Let's not jump to the conclusion that there is no pedagogy in MOOCs either. Short videos interleaved with online quizzes turns out to be surprisingly effective, certainly more effective than the "professors monologuing to large classes" that Vardi concedes is the norm in academia. First, video is a very convincing format for content delivery. The flexibility of pausing, rewinding and replaying also benefits many students, especially those for whom English is a second language. Second, quizzes for retrieval practice are an established method to improve learning. A recent publication2 describes a five-year research project in which retrieval practice was used in the classroom, with great success. Despite this, the majority of "monologuing professors" make no use of retrieval practice; in this, MOOCs are ahead.

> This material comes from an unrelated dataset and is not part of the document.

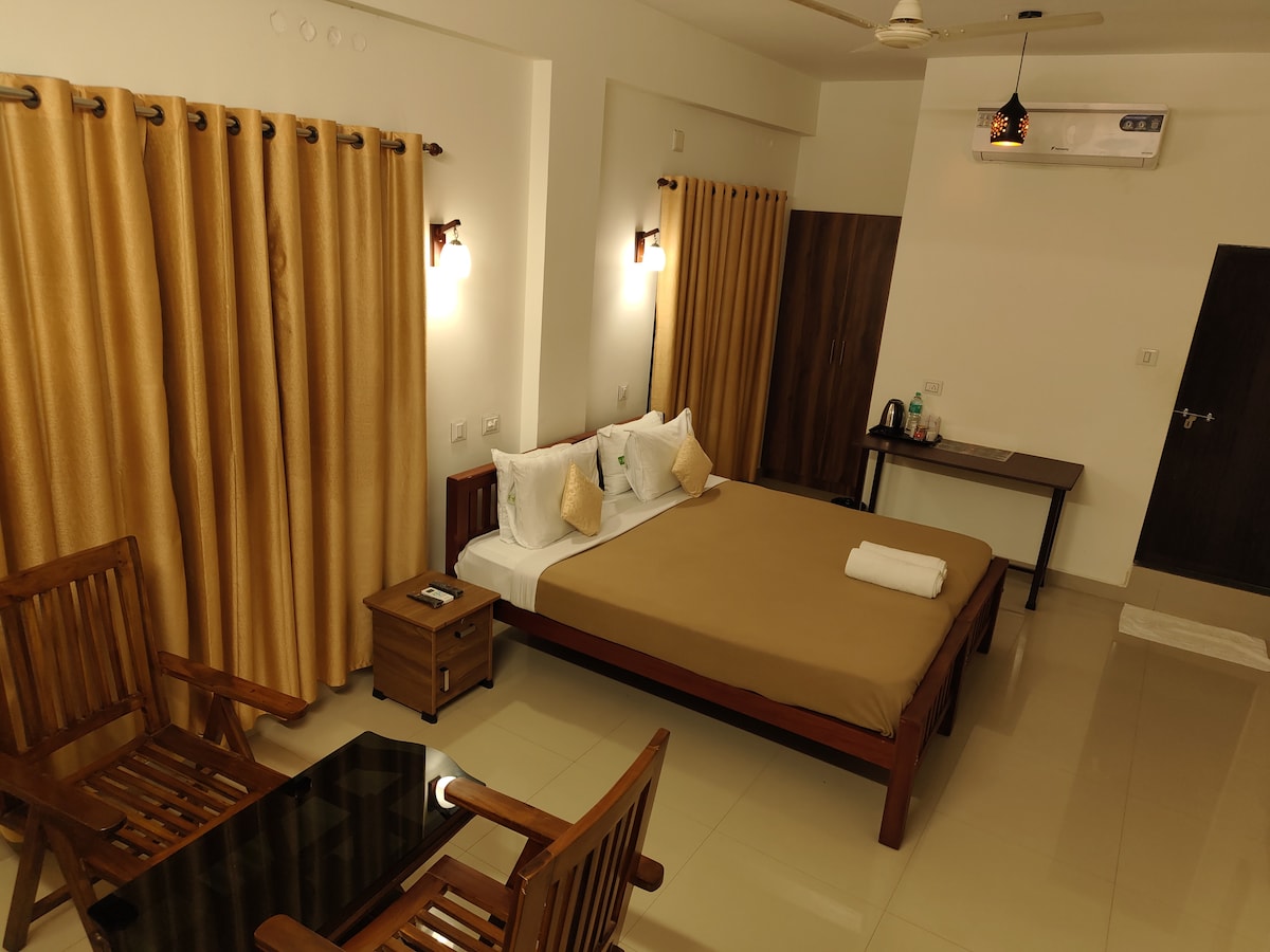 Te damos la bienvenida a Eleven Space Kochi, ubicado en Vazhakkala Kakkanad. Habitación a estrenar con aire acondicionado de 250 pies cuadrados. Distancia: a solo 2 km de Kakkanad, a 5 km del Infopark, a 4 km de Edapally y a 25 km del aeropuerto de Kochi. Ideal para parejas, profesionales de TI, familias y viajeros de negocios. Todas las habitaciones con aire acondicionado incluyen agua caliente, toallas, artículos de aseo personal, TV con conexión por cable, wifi gratuito y respaldo de energía. Ubicado en el centro de Ernakulam para una estancia cómoda y conveniente en Kochi. Servicio de cuidador las 24 HORAS, los 7 días de la semana.

Vardi (like many others) is bothered by the "massive" enrollment of MOOCs, but the truth is that the experience of many foundation courses in universities, enrolling 400 students or more, is not much better. Arguments in favor of scale, on the other hand, point to the fact that once you have many hundreds of students, it actually is easier to lead a fruitful course by going to 5,000 or 10,000 because the students collaborate through social networks. In a large pool of students, there are always enough of them that are clever and helpful. With MOOCs that are semi-synchronous —videos are watched within a time range and homework is due at a certain time— social cohort and motivation are also drivers.

Students that go to university do so for more than the content of the courses. This should be obvious (and the reason schools invest in sports facilities, dining and so on) but needs to be repeated whenever someone (like Vardi) hints at destruction looming academia. But we should not forget that there are millions of people that cannot access universities. As educators, we should jump at the opportunity of far-reaching impact that MOOCs provide. I wonder if Vardi read the story of 22-year old Askhat Murzabayev from Kazahkstan, who took the Coursera Machine Learning class and now works at Twitter?3 For people like him, the issue is access, before cost. Does Vardi wish that MOOCs would disappear as an option for greater access to knowledge? If he hasn't considered this, then he wrote his piece in just as much of a knee-jerk reaction as the board of University of Virigina on firing President Sullivan. Like them, he should retract.

Notes

1  You can watch the video of the session on You Tube: http://youtu.be/EG1JbDovI-w
2  The value of applied research: Retrieval practice improves classroom learning and recommendations from a teacher, a principal and a scientists. Agarwal et al., Educ. Psychol. Rev. (2012) 24:437–448 // Publisher link // PDF
3  Online Education Grows Up, And For Now, It's Free, NPR Staff (Sept. 30, 2012).